In Bruce Metzger’s acclaimed textual commentary, he says that the reading of Ιησους “is deemed too hard by several scholars, since it involves the notion of Jesus acting in the early history of the nation Israel.”[6] Metzger preferred ιησους over κυριος, but the committee of the NA27 ended up choosing [o] κυριος (Metzger and Wikgren voted for ιησους). The uncertainty of the original reading, however, is noted by the D-rating the committee placed upon the variant.

Philip Comfort discusses the variant in his textual commentary. He asserts that ιησους is easier to argue for because “scribes were not known for fabricating difficult readings.”[7] Furthermore, he claims that “Jesus is here being seen as Yahweh the Savior.”[8]  While ιησους is undoubtedly the harder reading, I do not think it is merely a matter of whether scribes were in the habit of making the text more difficult; instead, it is whether they were also in the habit of making the text conform to a desired theological view (in this case, to a higher Christology by unambiguously attributing the salvation of the Israelites from Egypt to the pre-existent Jesus).[9]

Charles Landon favored κυριος in his monograph on Jude from a rigorous eclectic method.[10] Likewise, in his magisterial monograph on Jude done from the reasoned eclectic method, Tommy Wasserman also preferred κυριος.[11] One reason as to why Landon believes κυριος to be original is that the author of Jude never uses ιησους as a stand alone name but always adds χριστος and/or κυριος to it (see vv. 1, 4, 17, 21, 25).
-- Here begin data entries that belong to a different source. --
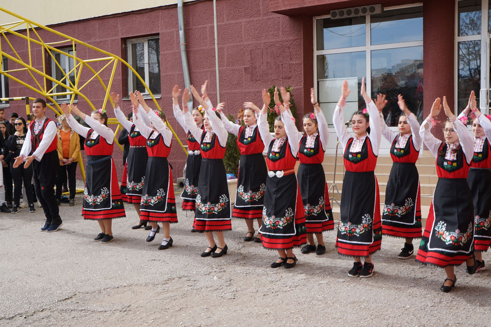 Ученици и учители от хасковската Професионална гимназия по туризъм „Александър Паскалев“ се включиха в аванс в световната инициатива на сдружение „Азбукари“ и „Българи за България“ „Пробуждане с хоро“ по повод Националния празник – Трети март.
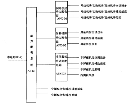 由總配電柜饋出的動(dòng)力供配電系統(tǒng)采用50Hz交流電,380/220V三相五線電源,TN-S接地方式,零線和地線分開設(shè)置且零地線之間電壓小于1V。動(dòng)力配電柜、照明配電箱采用放射式配電直接配至各用電設(shè)備,如下圖所示:
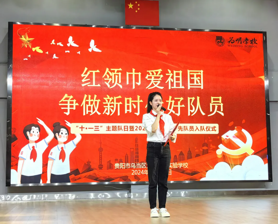 为激发新队员的光荣感、责任感、培养队员的主人翁意识,继承和发扬中国少年先锋队的光荣传统,引导队员了解队史,掌握队礼仪,感受作为一名光荣的少先队员的神圣使命,争做热爱党、热爱祖国、热爱人民,有知识、有品德、有作为的好少年,为明温泉实验学校举行“红领巾爱祖国,争做新时代好队员”2023级第二批少先队员入队仪式活动。
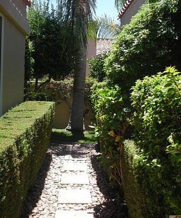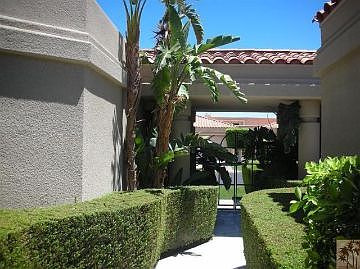 Enter this desert retreat thru beautifully manicured gardens affording the ultimate in privacy. The terraced back yard with it's mature palm trees, fruit trees, rose bushes, and desert scape has an elevated deck for sunning overlooking the dramatic pool and spa. Additionally there is a built-in barbecue and ample patio area for entertaining and al fresca dinning. The open floor paln offers 4 bedrooms and 3.5 baths including a seperate casita. This home has been tastefully decorated with custom window coverings, newly painted inside and out, and new flooring. Custom designed furnishings may be purchased separately. Monterra is a highly desired, well located, guard-gated community.
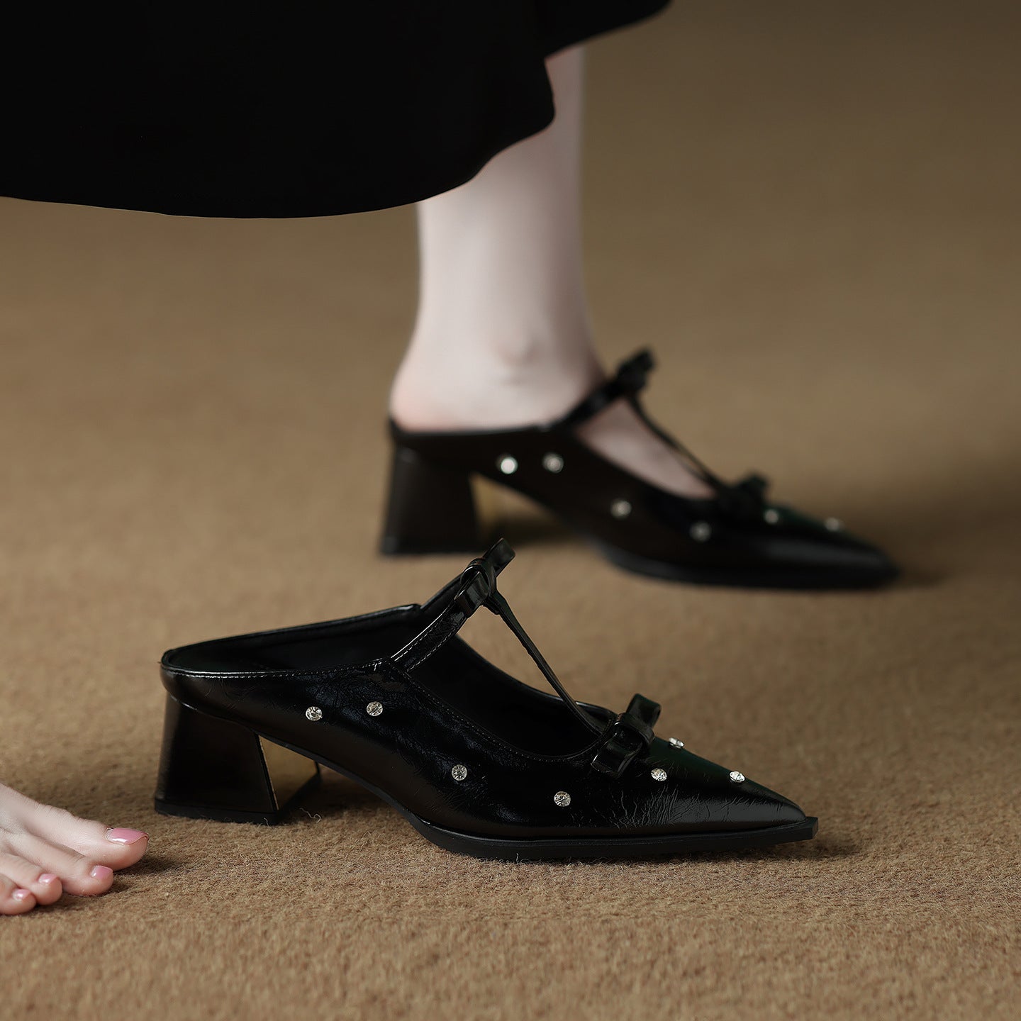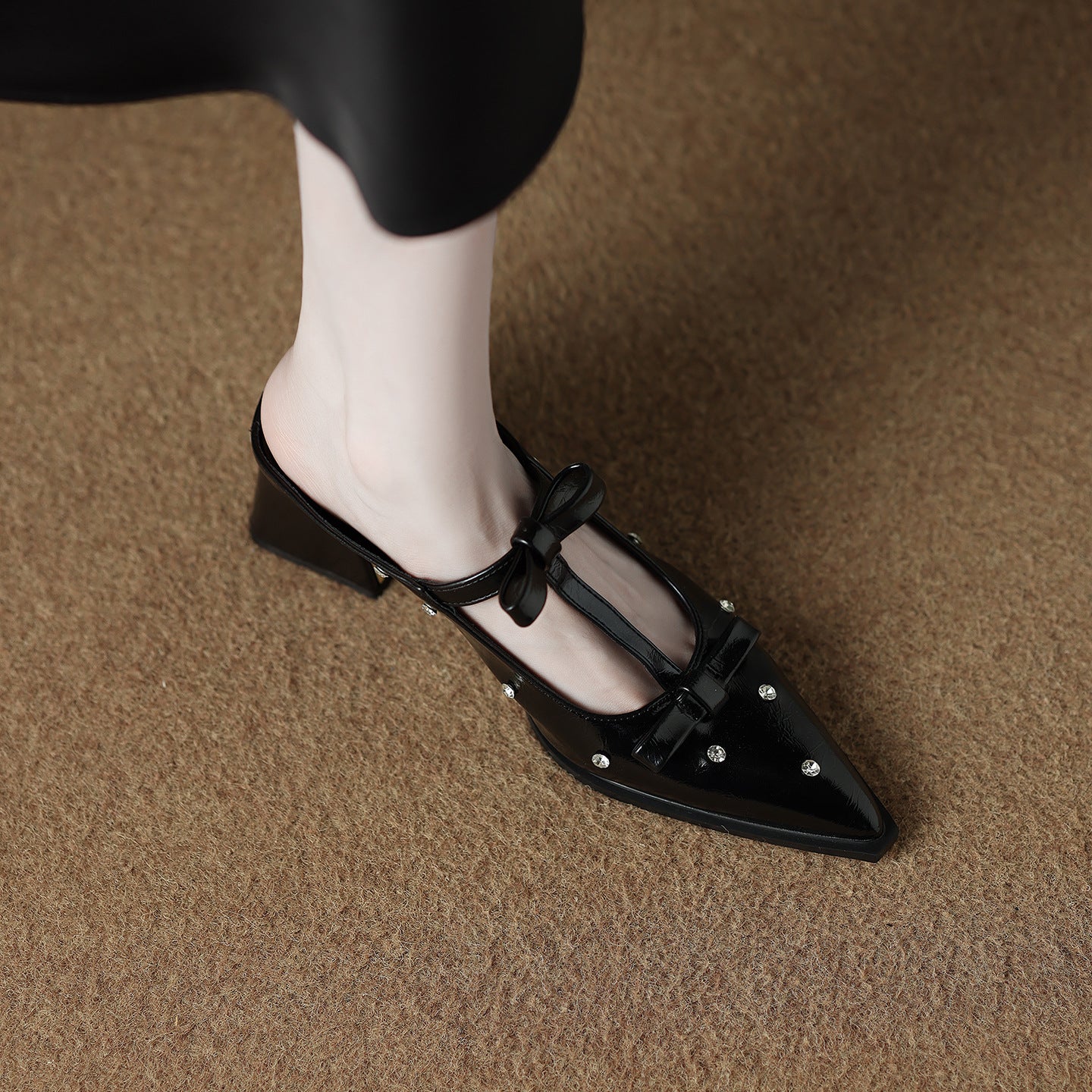 حذاء ميول أنيق بمقدمة مدببة وحزام أنيق على شكل فيونكة، مزين بأحجار لامعة. مصمم بكعب متوسط الارتفاع لإطلالة أنيقة ومريحة. مادة النعل: المطاط المقاس 34 35 36 37 38 39 طول القدم (مم) 220 225 230 235 240 245 عرض القدم (مم) 81–84 83–86 84–87 85–88 86–89 88–91 محيط القدم (مم) 214 218 222 225 229 233
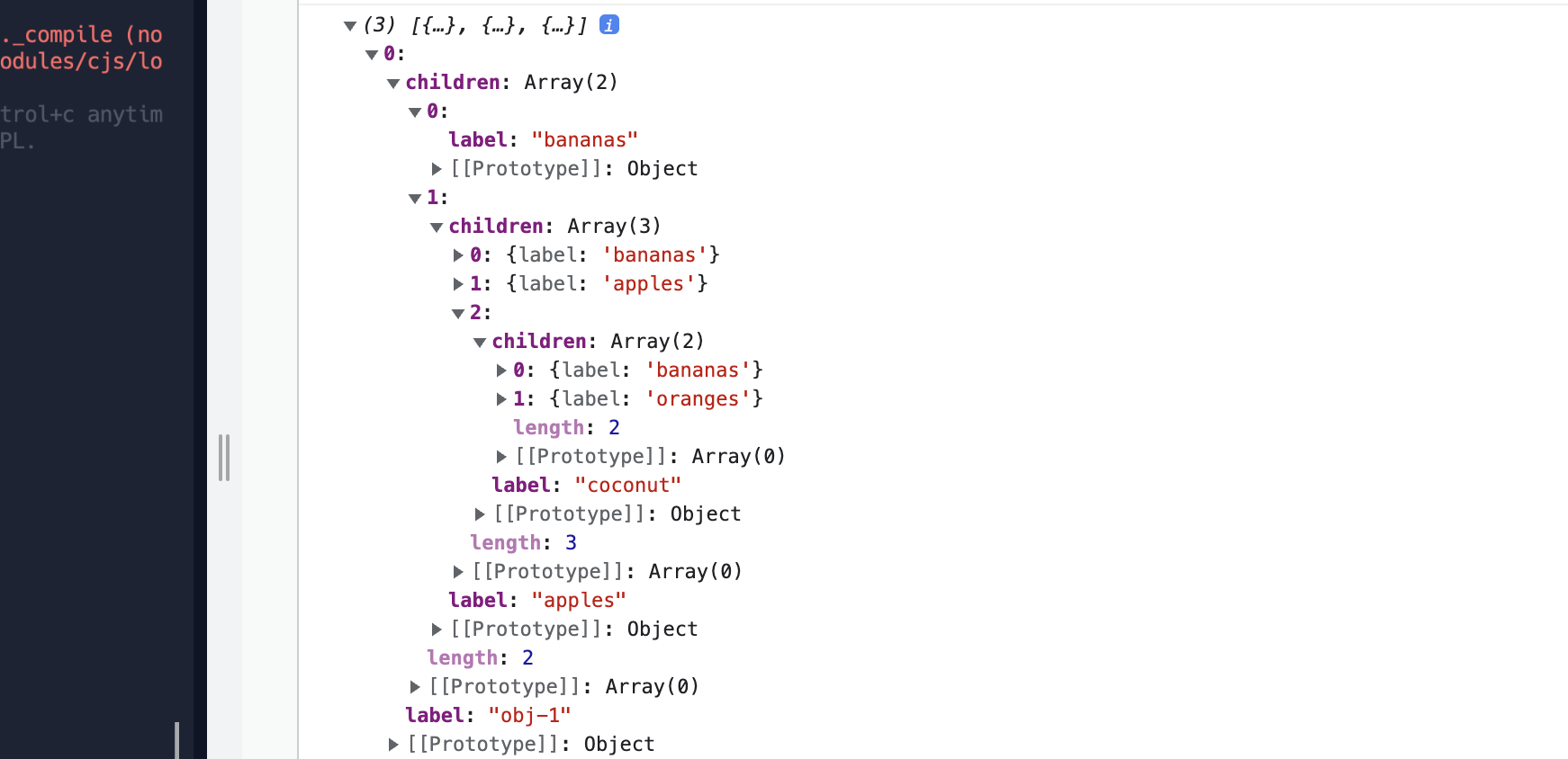 {label: 'obj-1', children: [ {label: 'bananas'},{label: 'apples', children: [
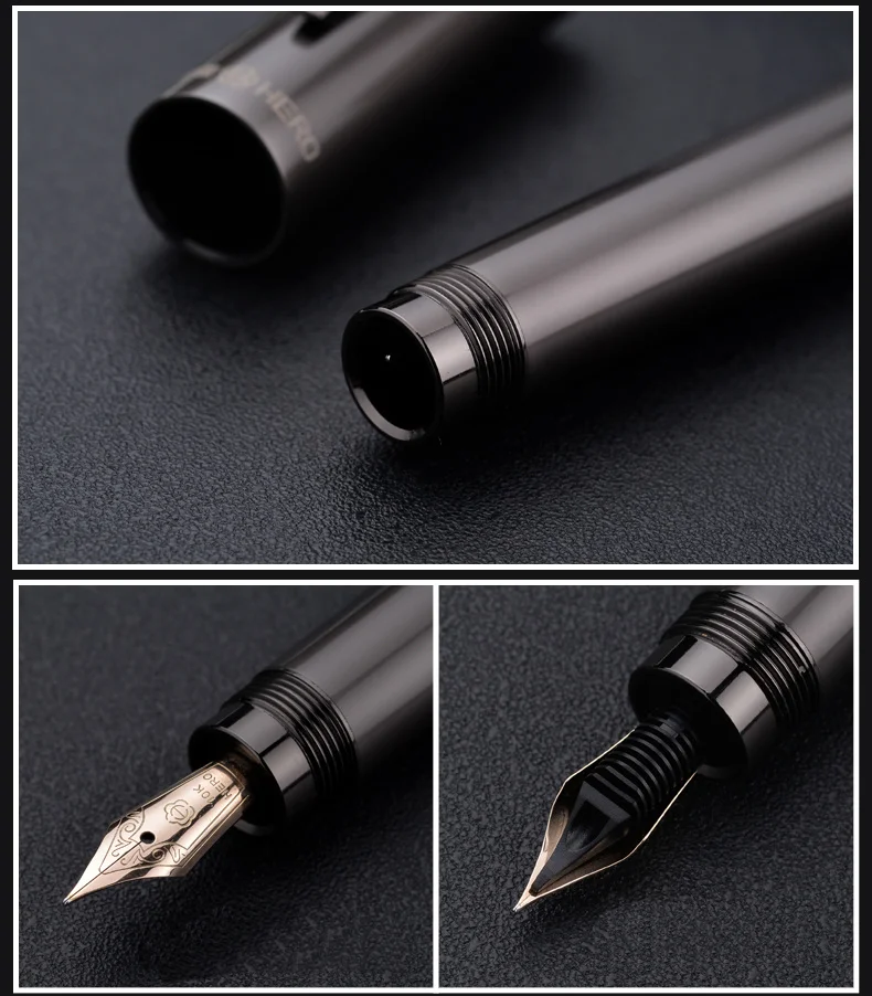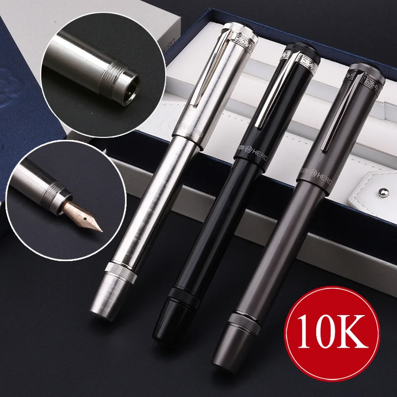 Перьевая ручка HERO H718, с золотым пером 10 к, для письма, со скрытым поворотным пером, для бизнеса и офиса, канцелярский подарок; Ручка
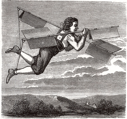 En måte å lykkes på er å legge scenarioet såpass langt inn i fremtiden at alle har glemt spådommen i god tid før den viser seg å være helt gal. Det er for eksempel neppe noen av Tidsskriftets lesere som fremdeles husker André Lütkens spådom fra 1878 om luftfartens muligheter. I sitt sjubindsverk Opfindelsernes Bog beriket han samtiden med følgende visjon (fig 1) (2): «Medens det ikke vil være muligt for mennesket at heve sig fra Jorden ved Hjælp av sin egen Muskelkraft, vil der derimot ikke være noget absolut til Hinder for at dette kan ske ved Hjælp av mekanisk Kraft; derimot turde det være et stort Spørgsmaal, hvad der i det hele taget vilde være oppnaaet, selv om det lykkedes at fremstille en virkelig brugbar Flyvemaskine; (. . .) som Transportmiddel vilde den sikkert aldrig finde Andvendelse, trods de store Forhaabninger der knyttes til en vordende Flyvemaskine af de mange, der spilde Tid og Kræfter paa at løse dette utaknemmelige problem. Thi hvor mange vilde vel have Mod til at betro sig til et Befordringsmiddel af dette Slags, naar den rædelsfuldeste Død maatte synes vis, naar Maskineriet i Flyveapparatet kom det minste i Uorden og pludseligt nægtede at gjøre Tjeneste, medens man befandt sig i maaske Tusinder af Fod over Jordens Overflade.»
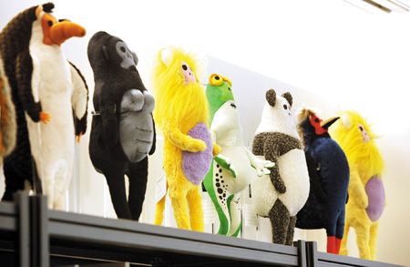 來自高雄的盧袗云與莊瑞豪,兩個(gè)年齡相仿,因?yàn)闊釔鬯囆g(shù)赴日留學(xué),回臺灣共同創(chuàng)辦“兩個(gè)八月”創(chuàng)意設(shè)計(jì)公司。一年多來,兩位大男生以一針一線縫出48只動物布偶,做成“沒有生命的動物園”,這些五顏六色布偶的表情與一般可愛布偶很不同,看起來已經(jīng)沒有生命。盧云袗說,“這些布偶主要是教育小朋友,要愛地球,否則可愛動物會面臨死亡威脅!
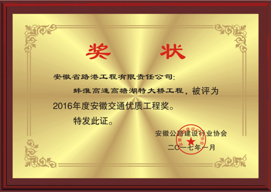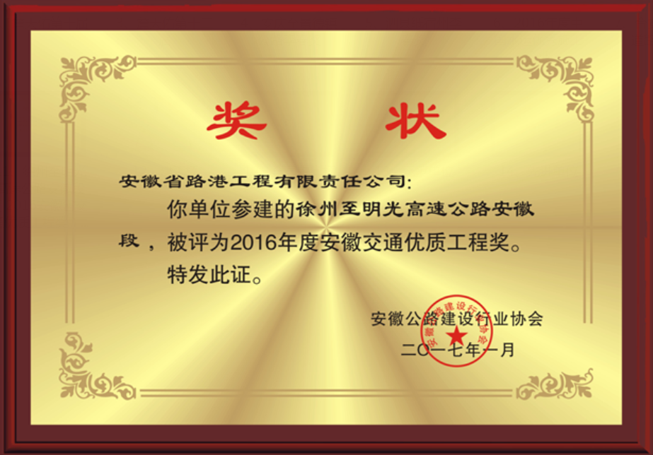 2016年度安徽省交通優(yōu)質(zhì)工程獎(jiǎng)

An original and more compelling internal reason for κυριος is provided by Wasserman. He explains that in quoting 1 Enoch 1.9 in Jude 14-15, the author of Jude changes the subject of the quotation from θεος to  κυριος. This is quite significant considering that no other witness to 1 Enoch 1.9 has κυριος as the subject, thus giving a strong precedent for Jude having used the anarthrous κυριος again in verse 5 which is similarly set in a context of judgment like vv. 14-15.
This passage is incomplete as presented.